Глава безопасности Севастьянов редко что-то выполнял лично. Впрочем, серьезных неприятностей в последние годы и не случалось. Это раньше защитники детей порой бросали камни в окна, а отряды вандалов совершали показательные налеты на школы. Учеников, к счастью, не трогали, но имущество портили изрядно. Однако теперь страсти улеглись. Безопасность занималась по большей части профилактикой краж.

— Что стряслось? — спросил Тенников.

— А ты не видел?! — съязвил всклокоченный Мухин. — На всех панелях в школе — или рожа ухмыляется, или колобки хороводят. Булл-шит!

— Иван Тимофеевич! — мягко упрекнула Илона.

В учительской иногда шептались, будто у нее с Мухиным шашни, однако Тенников не верил. Он вообще считал себя достаточно наивным и не очень хотел расставаться с таким взглядом на мир.

— А в классах? — быстро спросил Тенников.

— В классах — нет. Не стали уроки срывать, паразиты. Да и запрещена трансляция на уроках.

Мог бы и не напоминать. Во время учебных занятий допускался только «продакт плэйсмент». Вроде фирменных логотипов на грузовиках из задачника по математике.
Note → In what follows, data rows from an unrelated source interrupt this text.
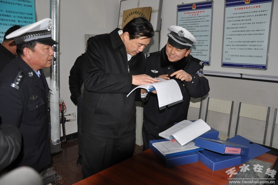 1月14日,天水市委常委、政法委書記趙衛(wèi)東帶領(lǐng)市綜治辦、交通運(yùn)輸局、安監(jiān)局、交警支隊(duì)等相關(guān)部門負(fù)責(zé)人,深入武山縣城區(qū)和灘歌、龍臺兩鄉(xiāng)鎮(zhèn)就貫徹落實(shí)全市道路交通安全專項(xiàng)整治工作會(huì)議精神及工作開展情況進(jìn)行督查指導(dǎo)?h委常委、常務(wù)副縣長康志鋒一同督查。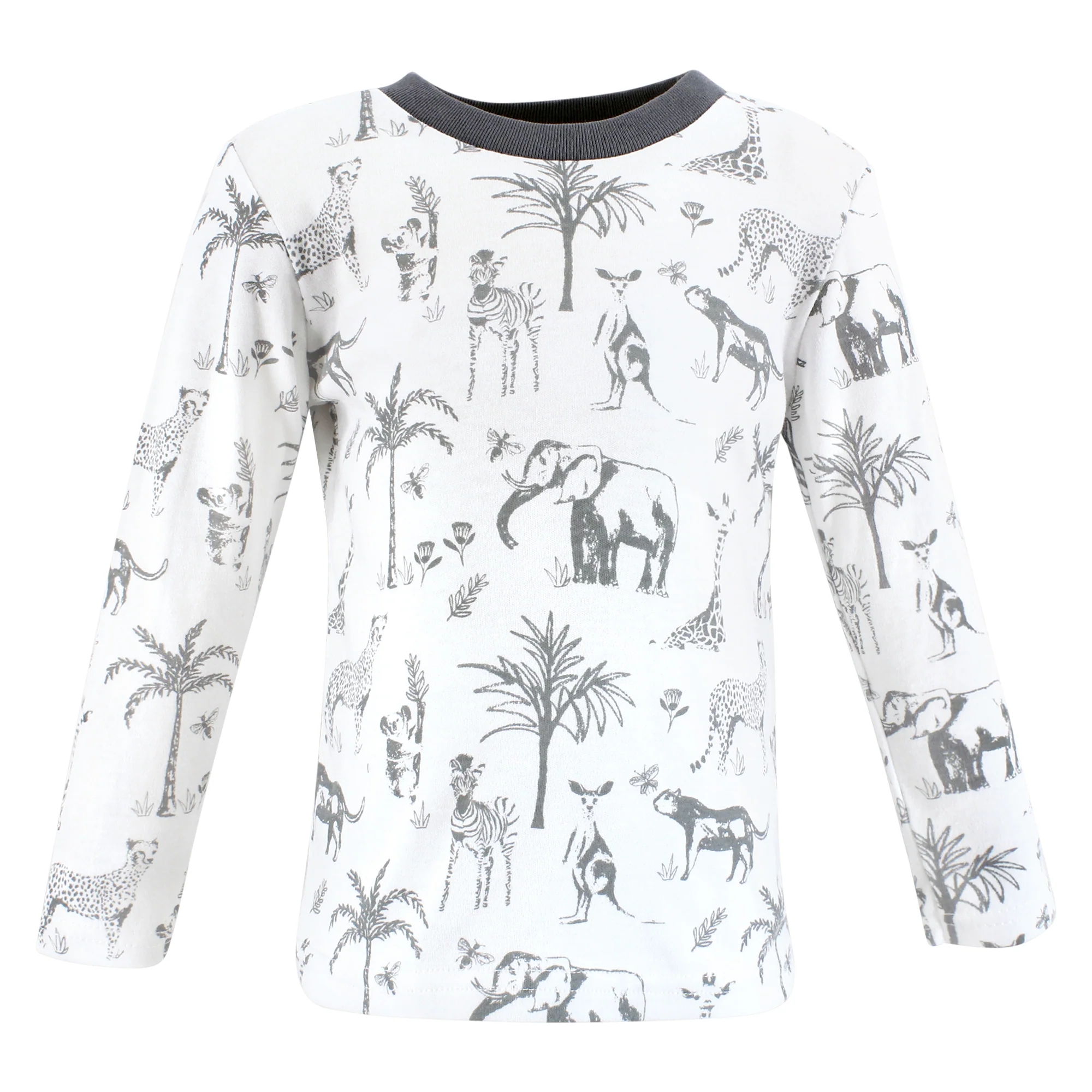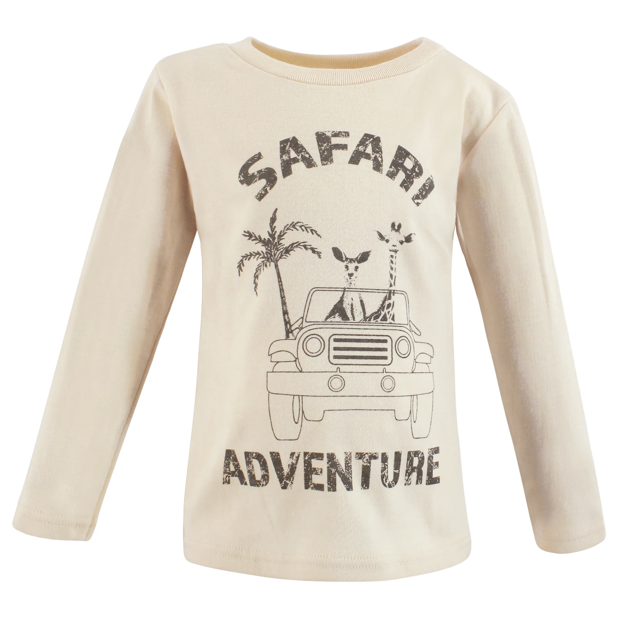 Hudson Baby t-shirts are great everyday tops for your little ones. Featuring fun prints and patterns, our t-shirts are made with comfortable, soft cotton poly fabric that feels wonderful on children's skin. Our sets include five t-shirts so you can mix and match with your child's wardrobe for fun everyday outfits.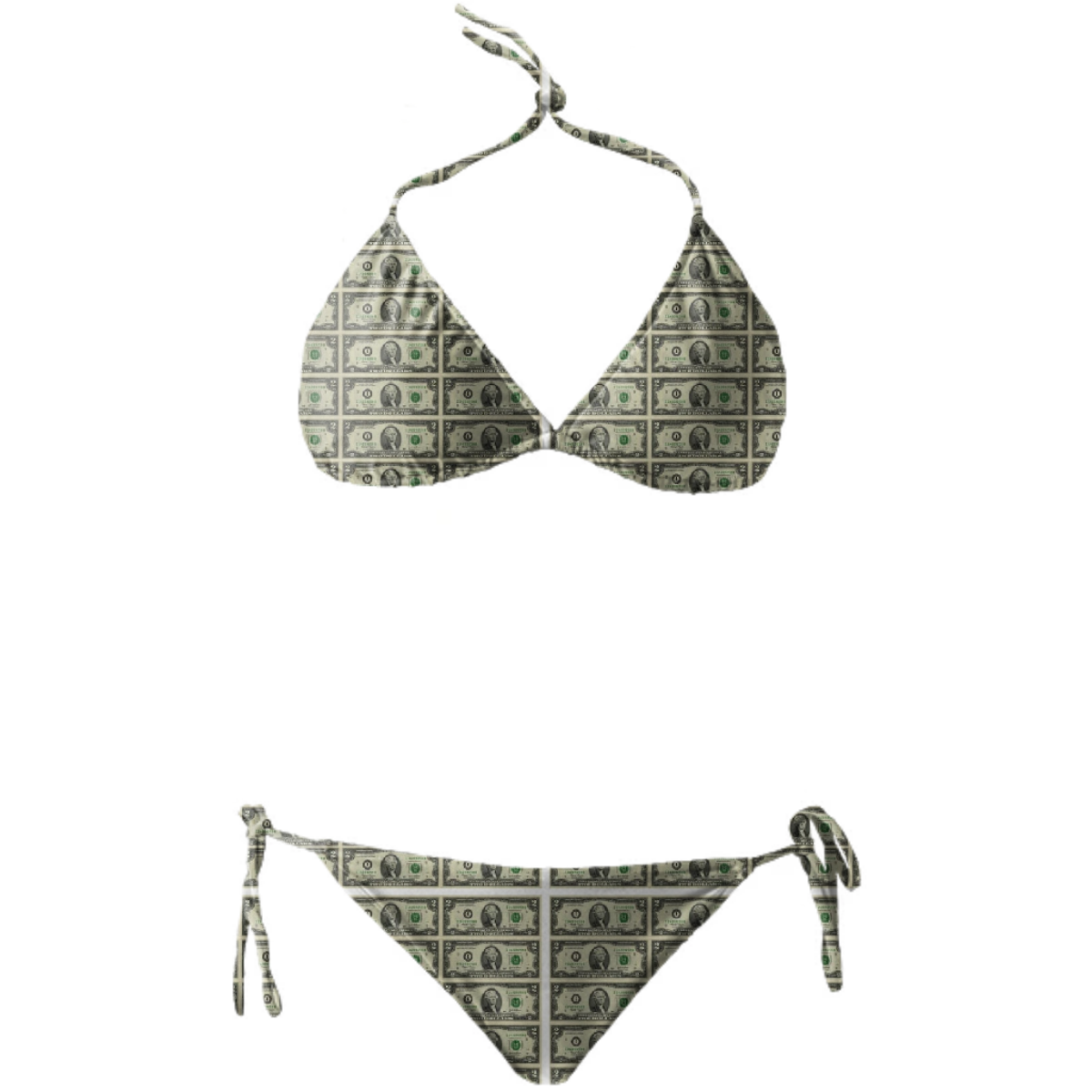 String bikini with ties at the neck bust and hips. Throw it in a bag and head to the beach!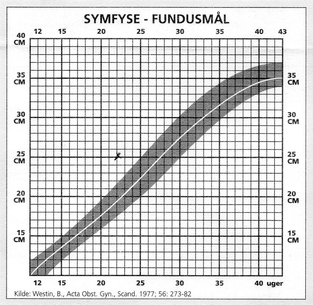 Jeg har vedhæftet et billede af maven, og en kopi af min vandre journal, med det stykke der viser Symfyse - Fundusmål som ligger en del over gennemsnittet.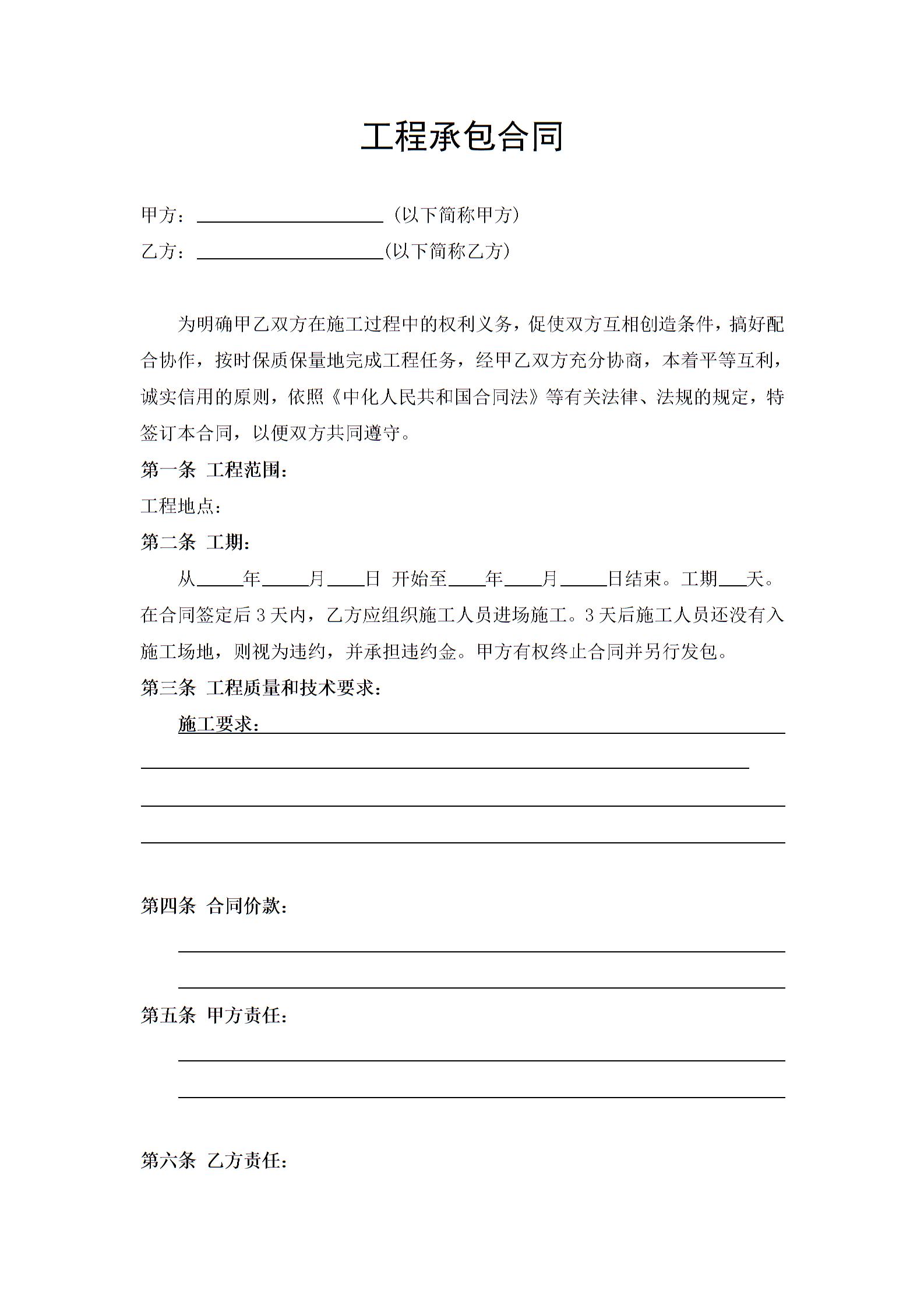 工程承包合同(通用)
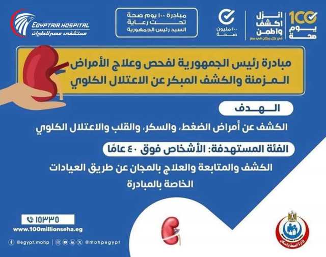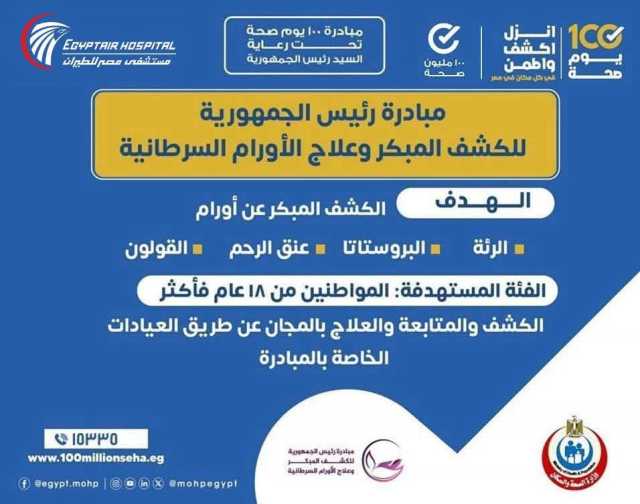 في إطار دعم المبادرات الرئاسية التي أطلقها السيد الرئيس عبد الفتاح السيسي، وتأكيدًا على دورها الرائد في خدمة المجتمع، تعلن مستشفى مصر للطيران عن استضافتها لإحدى مبادرات "100 مليون صحة" تحت شعار "انزل – اكشف – اطمن"، وذلك للكشف المبكر وعلاج الأورام السرطانية والأمراض المزمنة بالمجان للعاملين والمواطنين.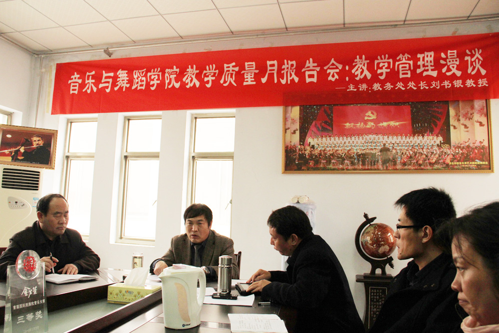 为配合“抓好四风建设,推进音院发展”教学规范化建设月活动的开展,11月16日下午1点30分,beat365英国官网网站邀请学校教务处处长刘书银教授在音乐楼会议室作了“教学管理漫谈”专题讲座。党总支书记邓兴珍、院长李永及全院教职员工参加了讲座,讲座由李永院长主持。
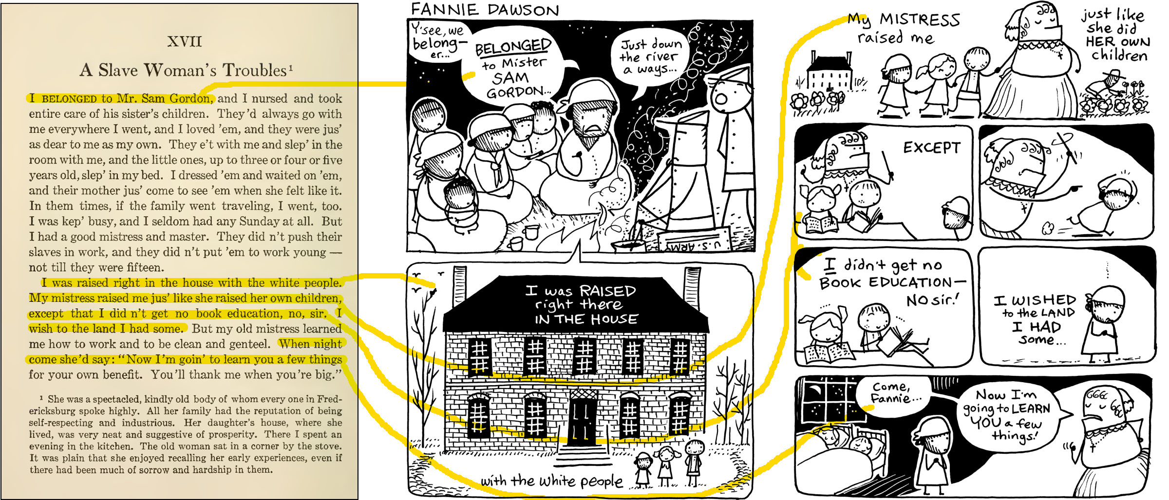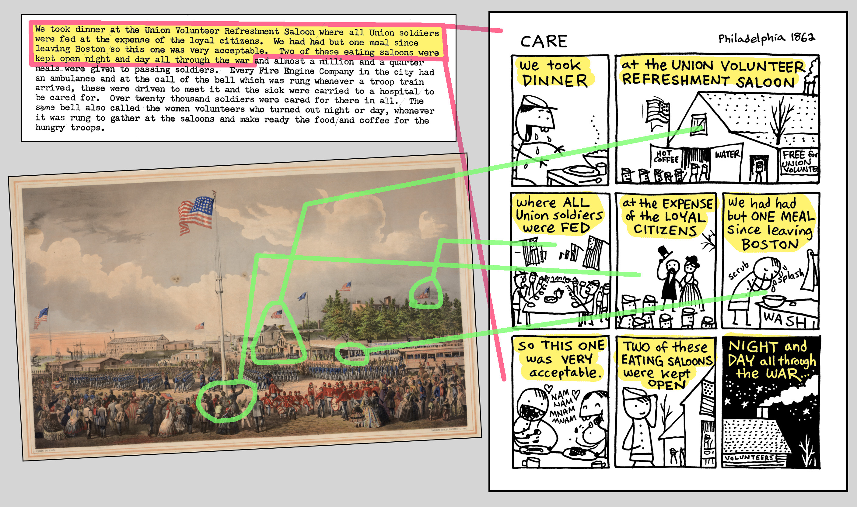 Note how those comics panels help us explore the lithograph’s details one at a time, in a deliberate sequence — and as context for Colby’s narrative!
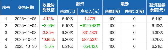 斯菱股份:融资净买入1.47万元,融资余额6.1亿元(11-05)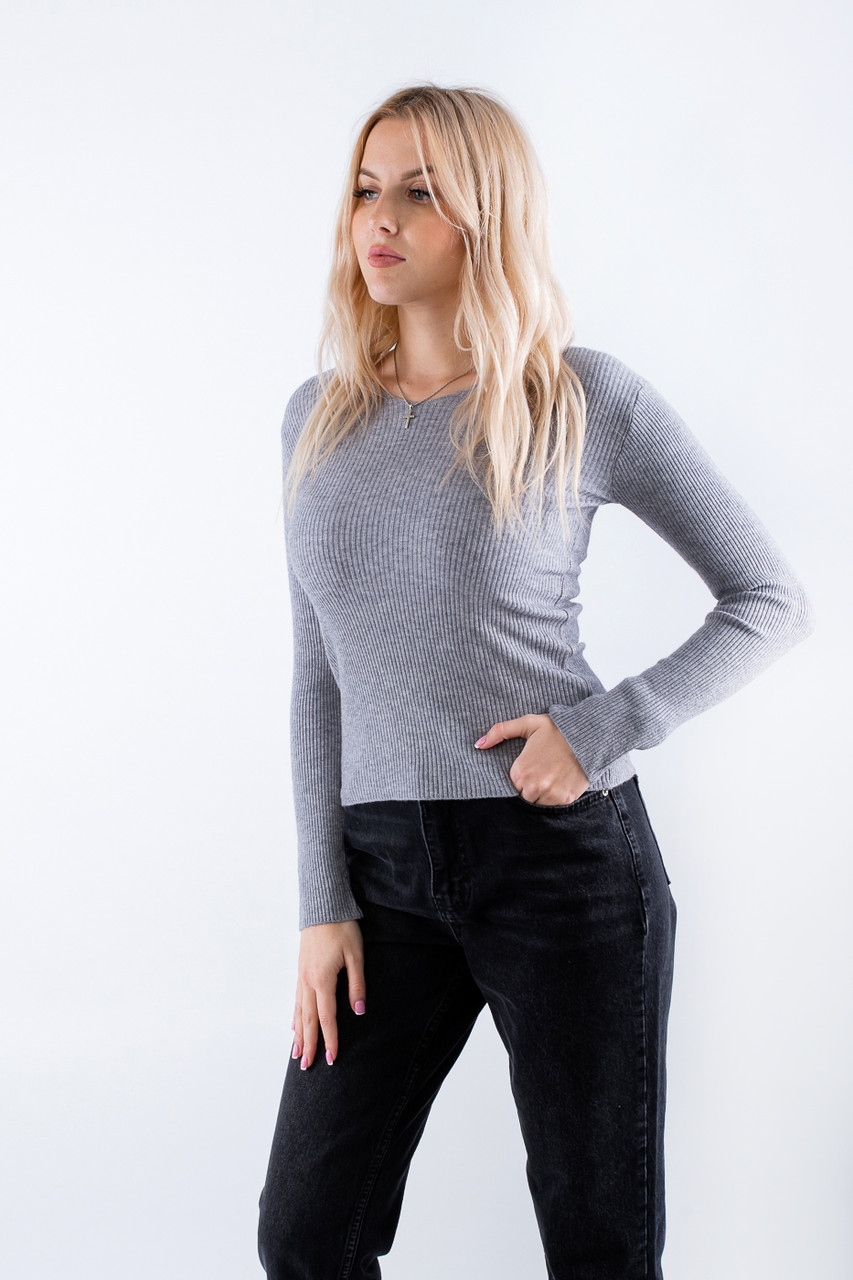 Пуловер в V-вирізом в рубчик сірий 65004 ONE SIZE (2000000119854)

— Хакеры? — уточнил Тенников.

— Даже не знаю, — Мухин ерзал на стуле, — как их теперь называть, хакеры-хренакеры… Ну зачем, зачем мы эти стены поставили? Извините, не в обиду вам, — Мухин спохватился и посмотрел в сторону человека из «Трион Компьютере».

— Ничего, понимаю, — грустно ответил тот и продолжил вращать ложечкой в чашке.

Тенникову показалось, сейчас в кругах кофейной массы тоже обрисуется рожица-смайлик.

Мухинское «зачем» прозвучало риторически. Затем же, зачем он носил швейцарские часы. Школа должна быть оборудована по последнему слову. Ради престижа. Ради более выгодных контрактов. Ради того, чтобы закрепить первенство. Трионные системы даже в местном университете пока использовались робко. «Трион Компьютере» неспроста сделала предложение именно четырнадцатой общеобразовательной. Им обоим нужен был пиар. Системы установили летом, по взаимозачету, и как минимум на один учебный год четырнадцатая точно опережала всю среднюю и высшую школу не только города и области, но и соседних регионов. Если теперь хотя бы слух про развеселые смайлики достигнет этих самых регионов…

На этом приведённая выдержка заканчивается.